XHBC-FM
- Ciudad Guzmán, Jalisco; Mexico;
- Frequency: 95.1 MHz
- Branding: Amor Es 95.1

Programming
- Format: Romantic

Ownership
- Owner: Grupo Radiofónico Zer; (Radio Armonía, S.A. de C.V.);

History
- First air date: December 2, 1948 (concession)
- Former call signs: XEBC-AM (1948–2019)
- Former frequencies: 990 kHz (1948–2019)

Technical information
- Licensing authority: CRT
- Class: B1
- ERP: 10,000 watts
- HAAT: 270.1 m (886 ft)

Links
- Webcast: BC 95.1 Webcast

= XHBC-FM =

Radio station in Ciudad Guzmán, Jalisco, Mexico

XHBC-FM is a radio station in Ciudad Guzmán, Jalisco, Mexico, broadcasting on 95.1 MHz FM.

==History==

===XEBC callsign===
XEBC was the former call sign of a border-blaster radio station licensed to the Tijuana / Rosarito area of Baja California, Mexico. The original XEBC, which launched in the early 1930s, was the first "border blaster" station in the Tijuana area.

===In Ciudad Guzmán===
The XEBC callsign returned to the air in December 1948, when Radio Ciudad Guzmán, S.A., was awarded the concession for XEBC-AM 990, serving Ciudad Guzmán with 1,000 watts day and 100 watts night. Radio Armonía became the concessionaire in 1972 and was awarded the FM combo station in 1994.

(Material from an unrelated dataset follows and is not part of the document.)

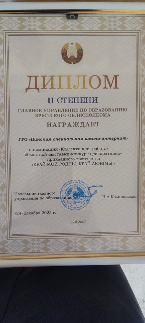 Предновогодние дни для учащихся Пинской специальной школы-интерната запомнились не только яркими радостными моментами республиканской благотворительной акции «Наши дети», но и успешным участием в областной выставке-конкурсе декоративно-прикладного творчества «Край мой родны, край любiмы!», который прошел в Бресте. Работа «Край мой, вышитый лентой» творческого коллектива школы награжден дипломом II степени. Торжественное награждение состоялось в УО «Брестский государственный областной центр молодежного творчества».

In 2016, XEBC-XHBC, along with XHIS-FM 106.3, was bought by Grupo Radiofónico ZER; ownership of the concessionaire Radio Armonía, which had been held by Guadalajara-based Unidifusión, was transferred entirely to Rodrigo Rodríguez Reyes and Josefina Reyes Sahagún. The result was a new name and brand for the station.

On March 11, 2019, Grupo Radiofónico ZER surrendered the AM frequency to the IFT, citing high costs of operation.